In this instance, the No. 1 candidate at the Summer Olympics happens to be Manchester.
Oh, don't get me wrong. I have nothing against the city, just some unusual things have happened to me on the internet.
I am getting it at both ends.
At Old Trafford, I cannot send email using my AOL account. I can receive emails, though. Go figure that one out.
Fortunately, I have a non-AOL account, so that saved my skin, especially when I had to communicate with Newsday editors and send my stories to the newspaper.
Back at my hotel, the Jurys Inn, the email is quite efficient, but when I have used twitter -- I keep receiving messages that there are there is script on the page that shouldn't be there and that I have the option of removing it. I have kept clicking yes to remove, but I need to click it as many as eight times before the message disappears.
If the U.S. women defeat New Zealand on Friday, I will be back in Manchester for Monday's semifinal against the winner of the Canada-Great Britain match. If not (and that would be a significant upset, considering the U.S. has always reached the gold-medal match), I will go straight to London.
And about Marseille.
I traveled to the southern French city three times during the 1998 World Cup and three times I commuted back to my headquarters in Paris because there were no hotel rooms.
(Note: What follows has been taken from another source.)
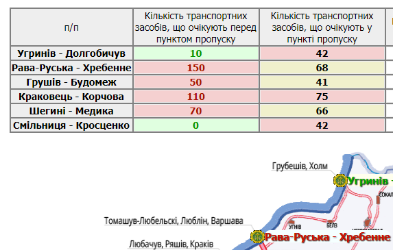 150 водіїів очікують перед пунктами пропуску в Рава-Руській, 110 – у Краковці, а 70 – у Шегинях.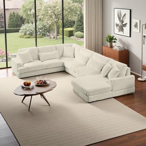 Polibi Oversized U-Shaped Sectional Sofa with Plush Corduroy Upholstery

Well, there was supposed to be one reserved for me for a later first-round match between Brazil and Norway, but the hotel claimed it did not have a reservation, even though I had a voucher that stated I did have one. Needless to say, I lost the argument. After the game, I returned to the hotel and managed to convince officials to allow me to catch 20 winks (it was a short sleep) on a couch back in the lobby before catching my train to Paris( before transferring another to Nantes for the U.S.'s final game against Yugoslavia). I slept with my computer bag strap wrapped around arms and legs, just in case someone wanted to run off with it.
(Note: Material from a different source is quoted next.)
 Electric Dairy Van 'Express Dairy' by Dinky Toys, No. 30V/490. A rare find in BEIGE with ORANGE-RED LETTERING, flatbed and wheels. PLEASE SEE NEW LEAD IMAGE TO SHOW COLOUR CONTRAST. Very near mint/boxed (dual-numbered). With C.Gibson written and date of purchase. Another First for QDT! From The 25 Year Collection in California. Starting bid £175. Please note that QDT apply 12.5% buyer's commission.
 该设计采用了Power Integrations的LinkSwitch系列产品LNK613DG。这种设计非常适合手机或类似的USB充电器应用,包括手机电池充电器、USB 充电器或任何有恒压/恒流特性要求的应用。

It was hot and humid that night and the temperatures were in the 80s at the stadium. I needed a shower badly. Heaven knows how I smelled. Even though I had a reservation on the Paris train, I wound up standing for most of the three-hour journey home because I think half of Marseille got on the train and I would have had to negotiate a ridiculous gauntlet of people. I made friends with an Agence-France Presse writer while standing on the outskirts of the car.
I had to switch trains in Paris -- to another station in another part of the city -- and I had about a 2 1/2 -hour break. I decided to try an audacious maneuver by bolting to the apartment, taking a shower, packing new clothes and get to the other station on time.
It worked to perfection, so well that I was able to buy a baguette before boarding my train. My roommates, New York Daily News sports columnist Filip Bondy and Newsweek sports editor Mark Starr, were out eating lunch at the time. They were astonished to discover how quickly I moved (my dirty clothes on my bed were evidence that I had been there). They nicknamed me "The Wind."
As you can tell, the diary is a bit late today. Too much work on Wednesday (very, very heavy day). So I wound up writing it on the train from Manchester to Newcastle. I don't know where I am as I type this, but the countryside sure is beautiful.